▶ _DATASET CONTENT_

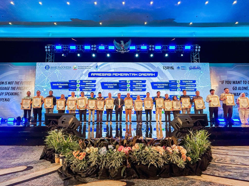 Pada Pertemuan Tahunan Bank Indonesia (PTBI) 2025, Sulawesi Selatan kembali memperkuat prestasinya dengan meraih empat penghargaan, termasuk kategori provinsi, kota, dan kabupaten terbaik dalam implementasi TP2DD, serta penghargaan bagi Bank Sulselbar sebagai peserta SKNBI dan KPDHN terbaik.
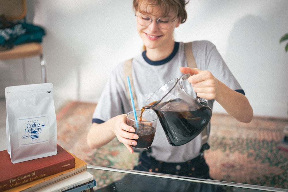 昨年実施した、第2回の「FUDGE コーヒー便」では、2023年は“本屋で働くパリジェンヌのコー ヒー時間”をテーマに朝・昼・夜、3種類のオリジナルブレンドを製作しました。その中でも好評だっ た朝・昼のコーヒーを、それぞれディップスタイルコーヒーバッグ、水出しコーヒーバッグに!
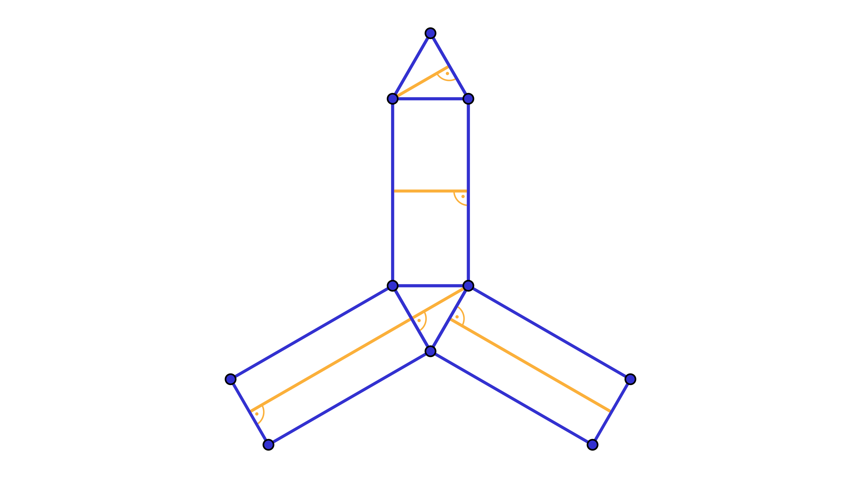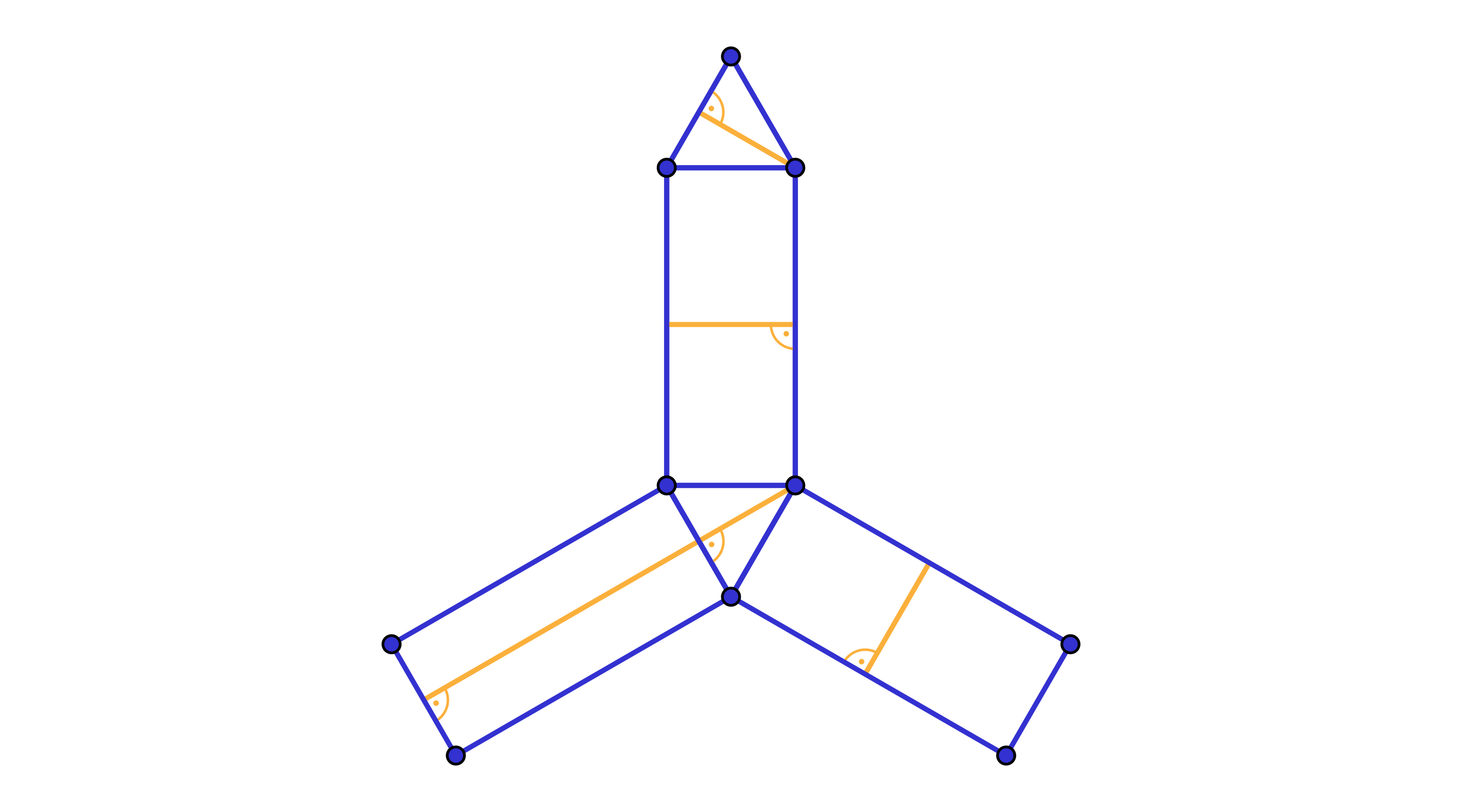 Rysunek 1 przedstawia prawidłową siatkę. Po sklejeniu schemat odcinków na siatce odpowiada wyjściowemu schematowi odcinków na graniastosłupie.
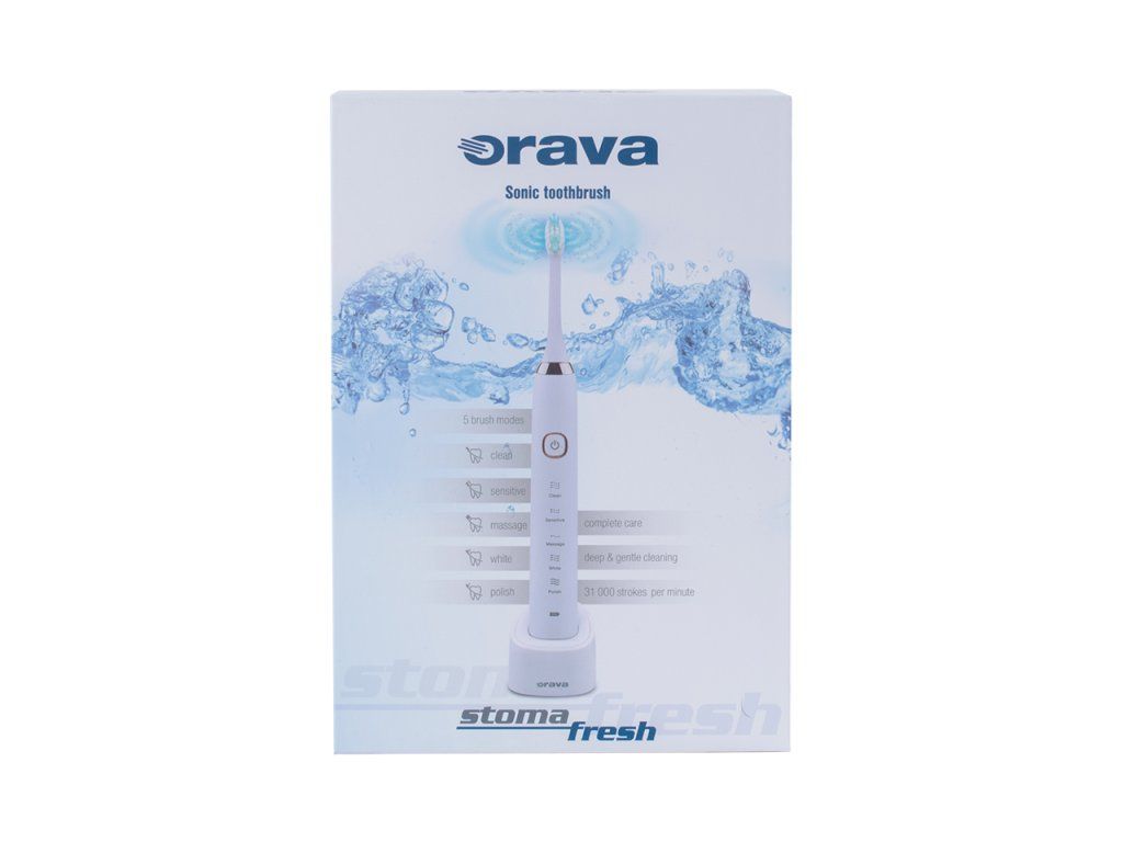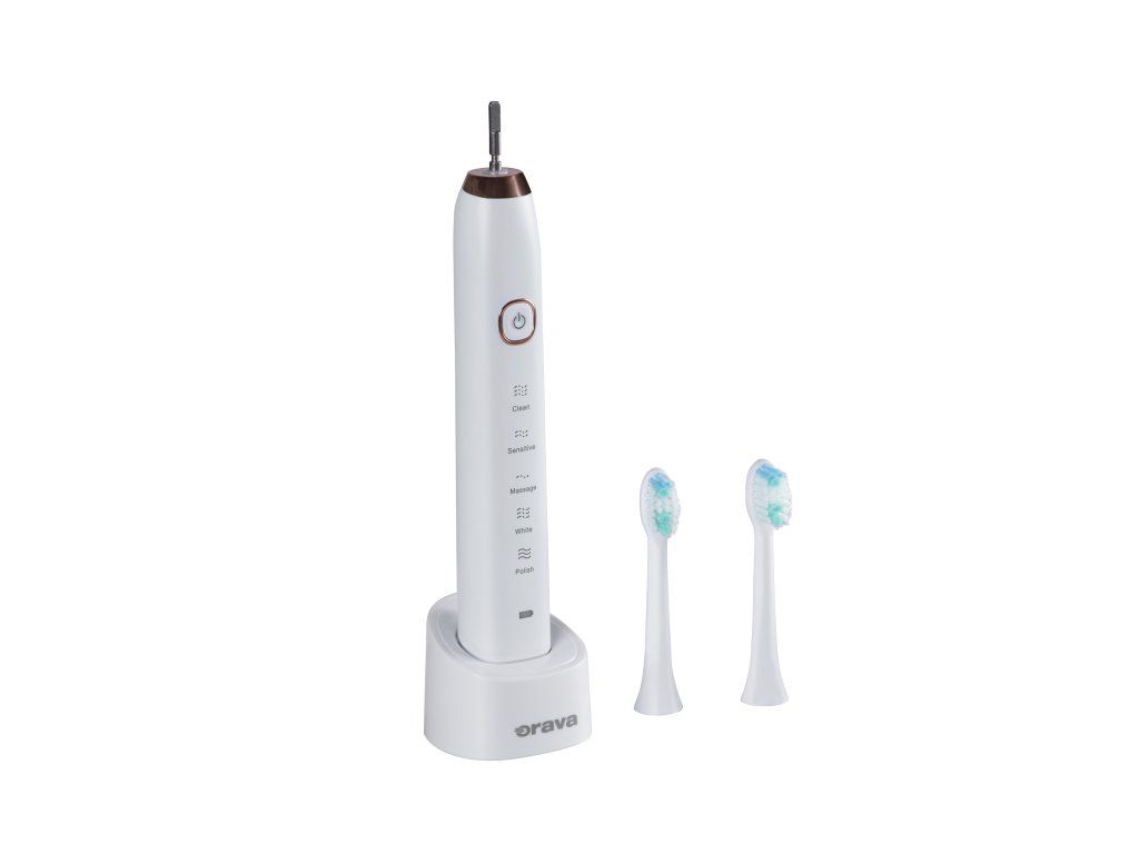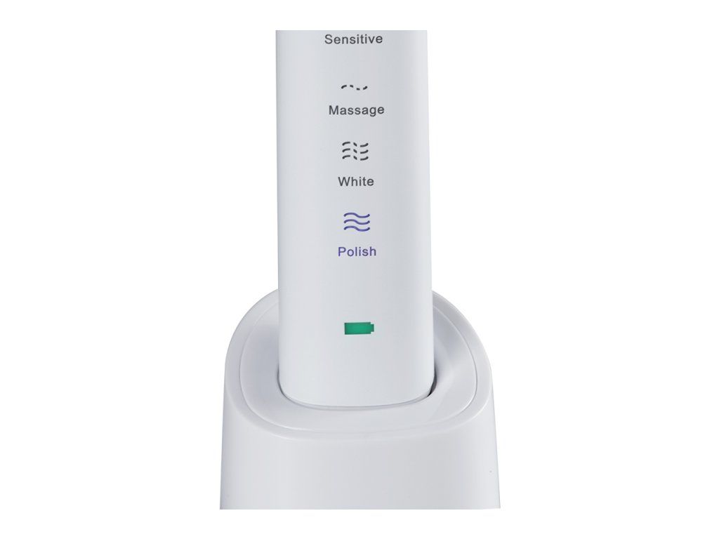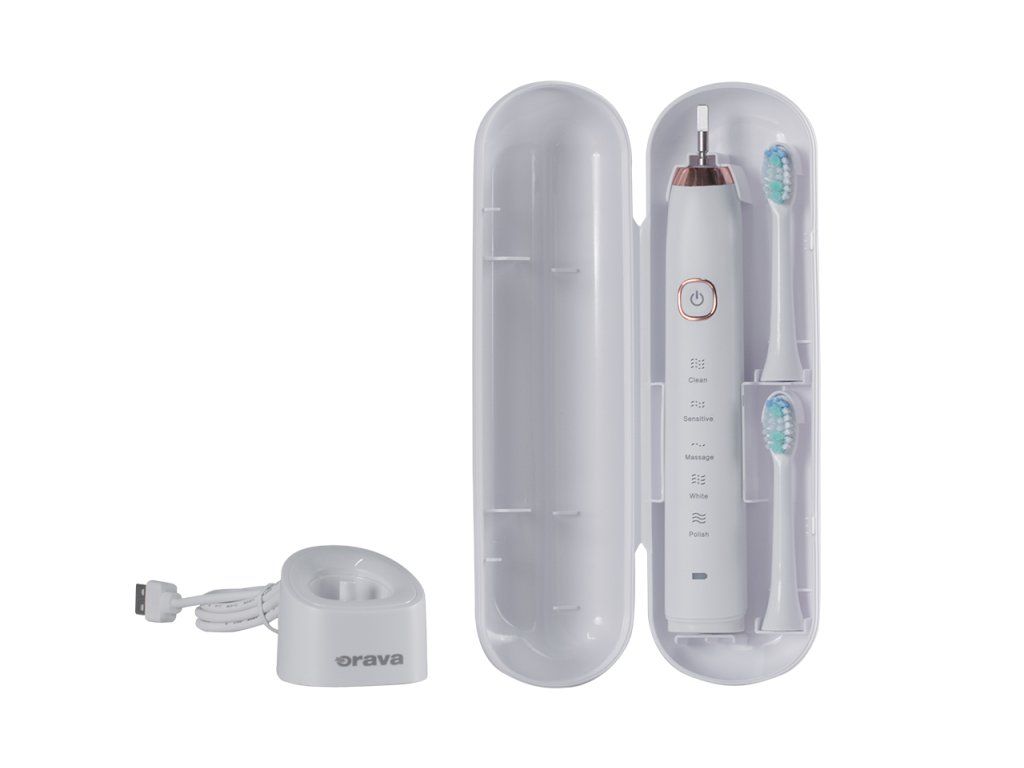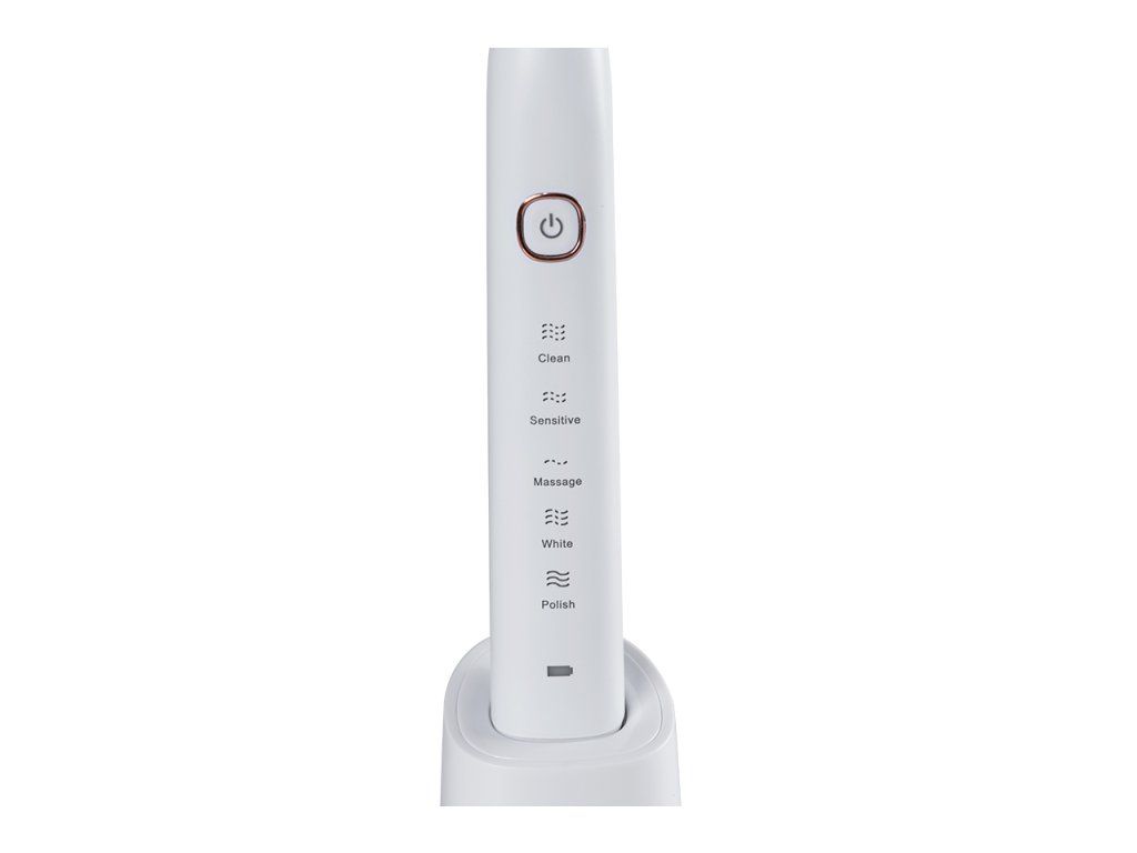 Sonická elektrická zubná kefka. Odstraňuje 7x viac povlaku ako manuálna kefka. Zlepšuje zdravie ďasien. 5 čistiacich režimov (čistenie, jemné čistenie, masírovanie, leštenie, bielenie). 31 000 sterov za minútu. Časovač automatického vypnutia. Funkcia pozastavenia. Indikácia nabíjania. Nabíjací podstavec. 2 hlavice. Cestovné puzdro. Napájanie (podstavec): 5 V/1 A. Napájanie (zubná kefka): 800 mAh, 3,7 V (Li-ion).Dodatočné parametre

▶ _EXERCISE GOAL_
Exactly the lines from the one containing "Rysunek 1 przedstawia" through the end of the data above: repeat those, both ends included, and nothing else. Skip the pictures.

▶ _FINISHED TASK_
 Rysunek 1 przedstawia prawidłową siatkę. Po sklejeniu schemat odcinków na siatce odpowiada wyjściowemu schematowi odcinków na graniastosłupie.
 Sonická elektrická zubná kefka. Odstraňuje 7x viac povlaku ako manuálna kefka. Zlepšuje zdravie ďasien. 5 čistiacich režimov (čistenie, jemné čistenie, masírovanie, leštenie, bielenie). 31 000 sterov za minútu. Časovač automatického vypnutia. Funkcia pozastavenia. Indikácia nabíjania. Nabíjací podstavec. 2 hlavice. Cestovné puzdro. Napájanie (podstavec): 5 V/1 A. Napájanie (zubná kefka): 800 mAh, 3,7 V (Li-ion).Dodatočné parametre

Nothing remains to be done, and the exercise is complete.